* _DATA_:
::::::::::

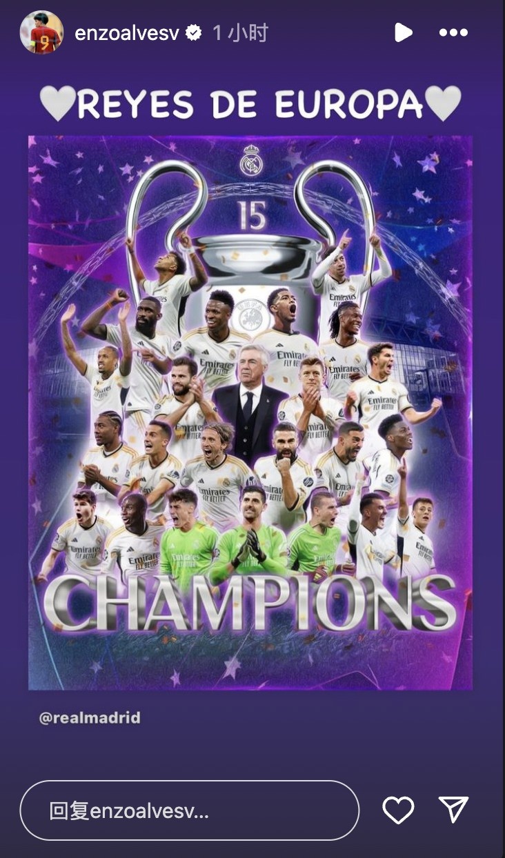 6月2日讯 皇马夺得队史第15座欧冠,皇马梯队小将——马塞洛的儿子恩佐发文。
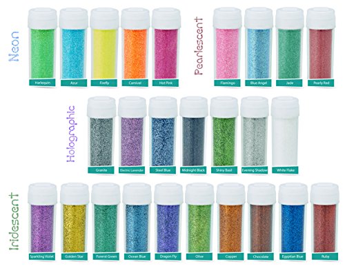 - GREAT ASSORTED COLOR SELECTION: Looking for fairy or unique colors for your DIY? Our jars are filled up with 10g of glitter. We included neon colors in addition to our unique selection of vibrant metallic, holographic, iridescent multicolor glitters : gold, rose, silver, blue, purple, black and many more at your disposal
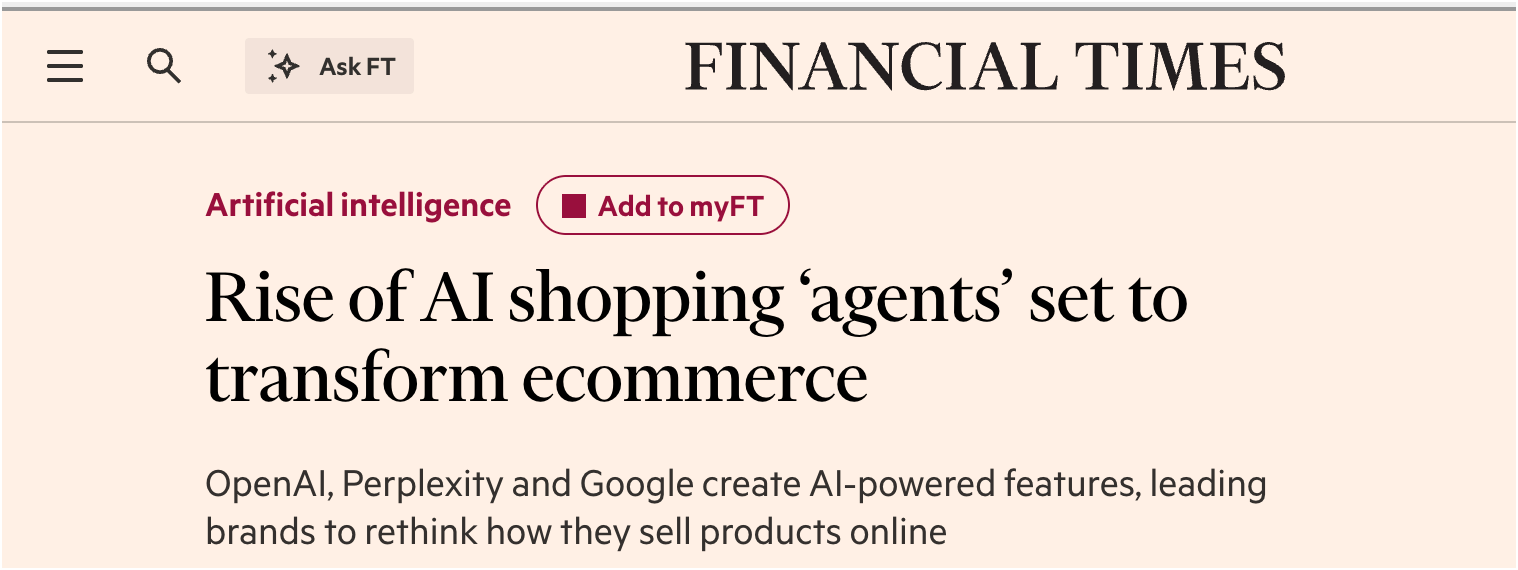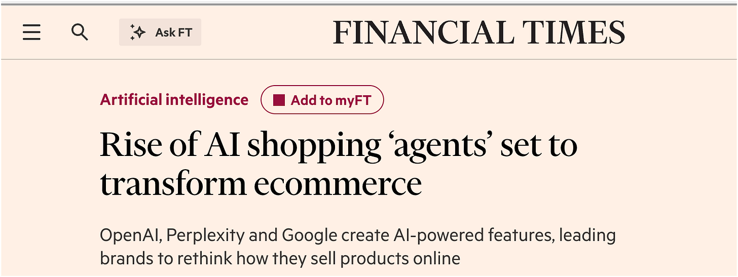 The Financial Times is at it again. They crashed onto the Agentic Commerce scene with their SCOOP covering the leak of ChatGPT’s forthcoming checkout. This week they had a piece that, like the Citi Ventures piece, has a good overview of the latest Agentic Commerce news (that you were way ahead on because you read Retailgentic) and some quotes from industry players. The article is here, but paywalled.
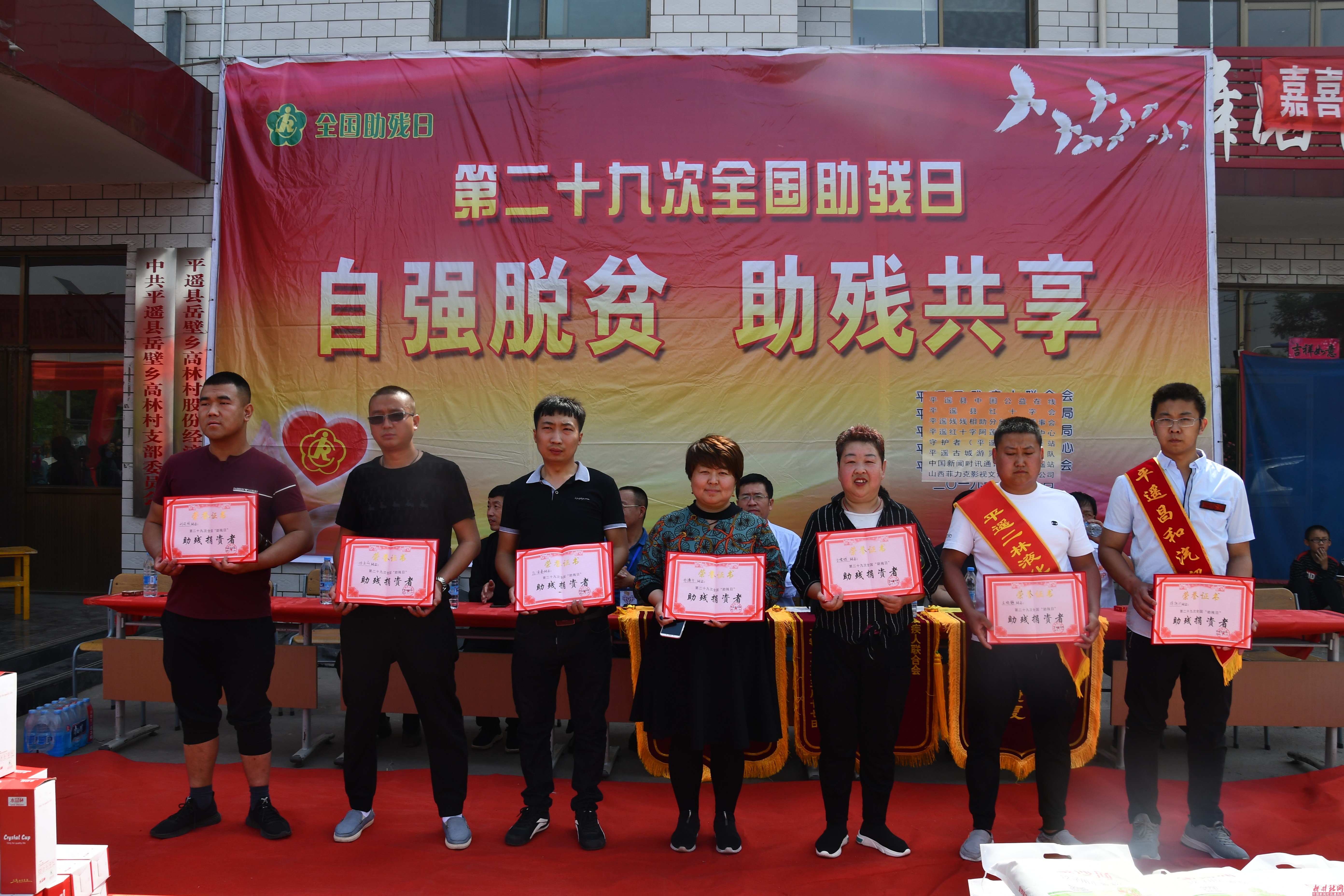 平遥站采编部讯:5月19号是第29个全国助残日,在助残日到来之际,高林村残残相助扶贫董事会,中国公益在线平遥工作站和我县助残爱心人士,在高林村举行为残疾人献爱心活动。

::::::::::

* _WHAT THE EXERCISE ASKS_: Print the listing verbatim; no pictures.

* _TASK OUTPUT_:
 6月2日讯 皇马夺得队史第15座欧冠,皇马梯队小将——马塞洛的儿子恩佐发文。
 - GREAT ASSORTED COLOR SELECTION: Looking for fairy or unique colors for your DIY? Our jars are filled up with 10g of glitter. We included neon colors in addition to our unique selection of vibrant metallic, holographic, iridescent multicolor glitters : gold, rose, silver, blue, purple, black and many more at your disposal
 The Financial Times is at it again. They crashed onto the Agentic Commerce scene with their SCOOP covering the leak of ChatGPT’s forthcoming checkout. This week they had a piece that, like the Citi Ventures piece, has a good overview of the latest Agentic Commerce news (that you were way ahead on because you read Retailgentic) and some quotes from industry players. The article is here, but paywalled.
 平遥站采编部讯:5月19号是第29个全国助残日,在助残日到来之际,高林村残残相助扶贫董事会,中国公益在线平遥工作站和我县助残爱心人士,在高林村举行为残疾人献爱心活动。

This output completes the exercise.